Eskiden olsa çoktan "milletvekili pazarı" kurulmuştu. Ama bu Cumhurbaşkanlığı Hükümet Sisteminde meclis çoğunluğu gibi bir argümanın yeri yoktur. Çünkü, parlamenter sistemin bütün arıza unsurları, mevcut sistemde törpülendi.
AK Parti'nin yaşadığı istifalar, bu istifalar neticesinde bilinen Gelecek ile Deva partilerin ortaya çıkması, aslında iktidar partisinin çetin sınavıydı. Şimdi, aynı çetinn sınav ana muhalefet partisi CHP'nin başında. Bir tarafta DSP, diğer yanda Muharrem İnce'nin Memleket Hareketinin partileşme süreci düğmeye basmış olması..öbür yanda CHP'nin İstanbul büyükşehir belediye başkan adayı Mustafa Sarıgül'ün Türkiye Değişim Partisi. Sınavdan kastım bunlar, CHP lideri Kemal Kılıçdaroğlu'nun önünde böylesine zorlu bir mücadelesi olacak.
Muharrem İnce'nin yaptığı basın toplantısında açıklamalarından satır başları şu şekilde:
- Boğaziçi Üniversitesi’nde öğrenciler biz atanmış rektör istemiyoruz deyince sayın Erdoğan “yürekleri yetse cumhurbaşkanına da istifa diyecekler” dedi. Acaba muhalefet bir şey diyecek mi diye bekledim, muhalefetten tık yok. Milyonlarca yüreği yeten bir insan var bu toplumda. Ben onların sözcüsü olarak diyorum ki: Evet, istifa etmelisin! Bu muhalefet diyemiyor bunu, meydan okuyamıyor.

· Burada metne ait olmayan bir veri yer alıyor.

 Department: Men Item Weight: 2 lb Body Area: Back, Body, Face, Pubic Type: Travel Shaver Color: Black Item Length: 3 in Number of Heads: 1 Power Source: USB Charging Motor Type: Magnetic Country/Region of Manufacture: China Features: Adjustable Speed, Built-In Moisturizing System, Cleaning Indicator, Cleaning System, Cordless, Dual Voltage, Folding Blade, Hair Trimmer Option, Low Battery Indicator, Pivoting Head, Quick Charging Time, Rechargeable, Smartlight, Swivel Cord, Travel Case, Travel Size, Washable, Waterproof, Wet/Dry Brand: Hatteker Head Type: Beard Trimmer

- Toplumu karpuz gibi bölmüşler, herkes yerinden memnun ama biz memnun değiliz. Biz üçüncü bir yol sunuyoruz insanların önüne. Alternatif çözüm üretemeyen bir muhalefet Türkiye'nin kaderi bu olamaz. Türkiye sahipsiz değildir, çözüm vardır umut vardır büyük sorunlar köhnemiş yöntemlerle çözülemez. Biz Türkiye'ye bir fırsat bir çıkış yolu bir seçenek olacağız. Özgür bir Türkiye yaratacağız.

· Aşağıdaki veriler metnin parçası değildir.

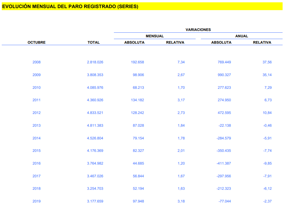 Octubre suele saldarse, habitualmente, con un repunte del paro debido a la finalización de los contratos veraniegos, pero la clave, en este caso, es que los servicios públicos de empleo (antiguo Inem) acaban de anotarse el peor registro en este mes desde el fatídico 2012, cuando España todavía estaba en plena tormenta financiera. En concreto, el desempleo subió en 97.948 personas (+3,2%), el doble que el pasado año (+52.194) y el mayor alza desde 2012, cuando aumentó en 128.242.

KİMLERLE YOLUMU AYIRIYORUM?
- ABD'den demokrasi dilenenlerle yolumu ayırıyorum. Atatürk'e kefere diyenleri yönetici yapanlarla yolumu ayırıyorum. Mustafa Kemal deyip Mustafa Kemal Atatürk diyemeyenlerle yolumu ayırıyorum. Ben askeri değilim yoldaşıyım diyenlerle yolumu ayırıyorum. Grup başkanvekilliği seçimini bile kaldırıp atamaya getiren bu yönetimle yolumu ayırıyorum. CHP aday yapmayınca başka partiden aday olup bugün CHP'yi yönetenlerle yolumu ayırıyorum. FETÖ'cüleri Sorosçuları koruyanlarla yolumu ayırıyorum.
Bu yol ayrımına ilişkin Muharrem İnce'nin manifesto gibi açıklamaları, içinde ağır ithamlar barındırmaktadır. Bu ithamlar içerisinde iki başlık öne çıkıyor; birisi Atatürk hassasiyeti, diğeride FETÖ rabıtası. Tabii buna birde, PKK terör örgütünün siyasal uzantısı HDP ile hep aynı hizada durmaları.
Özetle, CHP'nin özellikle Muharrem İnce sınavını yarasız beresiz atlatacak gibi gözükmüyor.